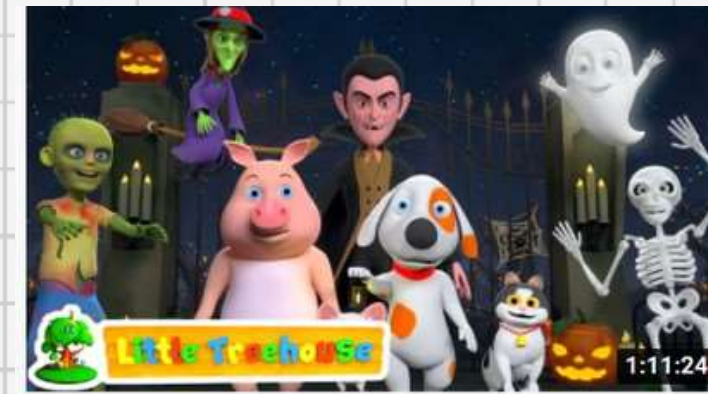
HALLOWEEN VIDEOS FOR KIDS СЕЗОН 1 • СЕРИЯ 6 Halloween Songs | Kindergarten Nursery Rhymes by Little Treehouse
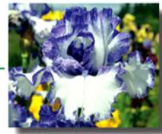
INK PATTERNS (parent of 09-93A)
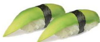
37.AVOCADO 🌿 Avocado
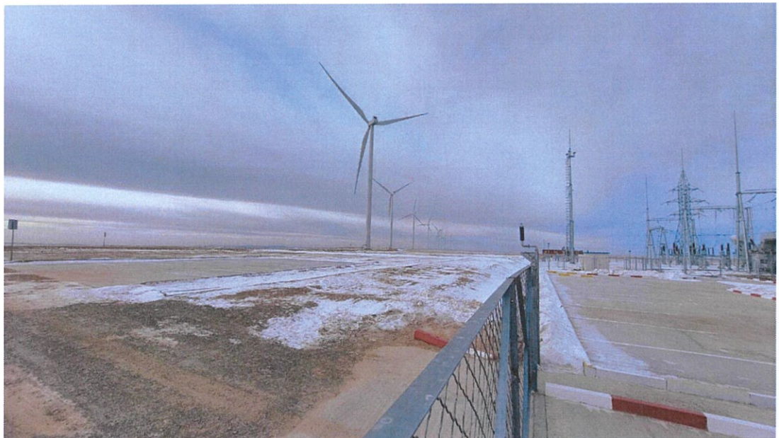
Зураг 1.8. Удирдлагын байрны гадна болон дотор зогсоол
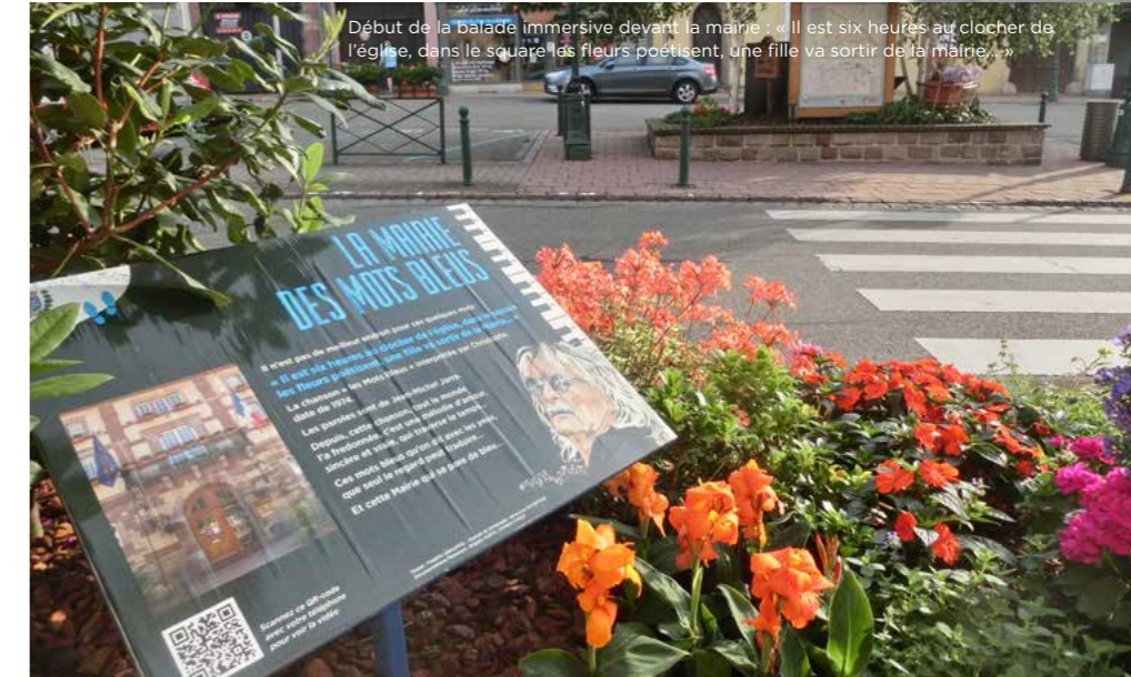
Début de la balade immersive devant la mairie : « Il est six heures au clocher de l'église, dans le square les fleurs poétisent, une fille va sortir de la mairie... »

Cette année, le fleurissement estival de Wasselonne est inspiré par Les Mots Bleus, célèbre chanson de Christophe, avec le bleu comme dominante. Mais d'une simple idée de couleur, ce projet est devenu un hommage, en cette période de pandémie, à Christophe, disparu le 16 avril 2020, ainsi qu'à toutes les autres victimes de la Covid-19, et à celles et ceux qui combattent ce mal et ont l'espoir de voir enfin le bout du tunnel.
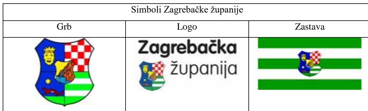
Tablica 1. Simboli Zagrebačke županije

Zagrebačka županija nalazi se u središnjem djelu sjeverozapadne Hrvatske. Sjedište županije nalazi se u Zagrebu. Površinom je šesta po redu, tj. po veličini županija u Hrvatskoj. Prema broju stanovnika, to je treća najveća županija u Hrvatskoj (nalazi se iza Grada Zagreba i Splitsko-dalmatinske županije) ( www.zagrebacka-zupanija.hr , 2019). U sljedećoj tablici nalaze se simboli Zagrebačke županije prema kojima ova županija ima svoju prepoznatljivu grafičku vizuru (Tablica 1).
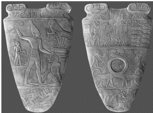
Рис.3 Палетка Нармера (см. примечание 2)

И действительно, Древнее царство – это время наивысших достижений египетского интеллекта, время гармонии и процветания. В эту эпоху был достигнут тот уровень духовности, выразившийся и в архитектуре, и в изобразительном искусстве, и в религиозном видении мира, который в последующие времена уже никогда не будет превзойдён. Всё то, что было создано после, – это взгляд в прошлое, попытка понять и высветить те вершины интеллекта, которые уже были достигнуты в период цветущего поиска, ещё не замутнённого пеленой устоявшихся представлений, не скованного жёсткими рамками тысячелетней традиции. Это попытка реконструкции и возврата в счастливую эпоху здоровья и пылкой энергии юности. Но действительный возврат в «золотые века» был невозможен. Ибо уже к концу эпохи Древне-
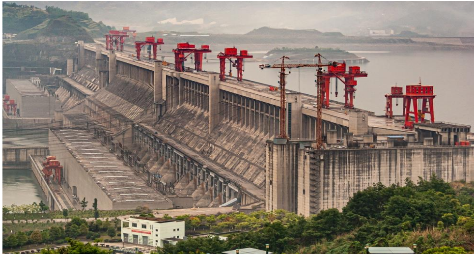
Slika 3. Najveća hidroelektrana na svijetu: Tri klanca u Kini [30]
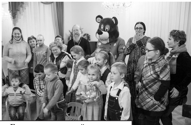
Благотворительный концерт в «Радуге» для детей-инвалидов

В рамках акции Московской епархии «Согреем детские сердца» в Жуковском благочинии в конце октября прошло несколько важных мероприятий.
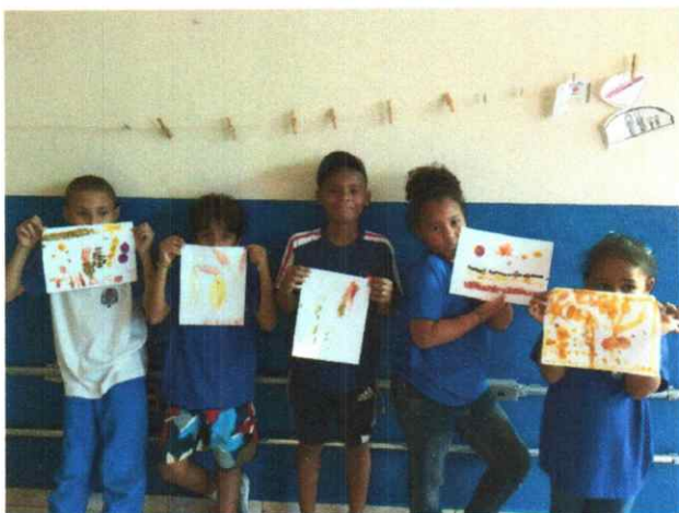
Oficina de Participação Social

Observações: Participação dos usuários em anexo

⁂

- TO DO: I need every line of the data that has the word "Participação"; please list them.

- REPLY:
Oficina de Participação Social
Observações: Participação dos usuários em anexo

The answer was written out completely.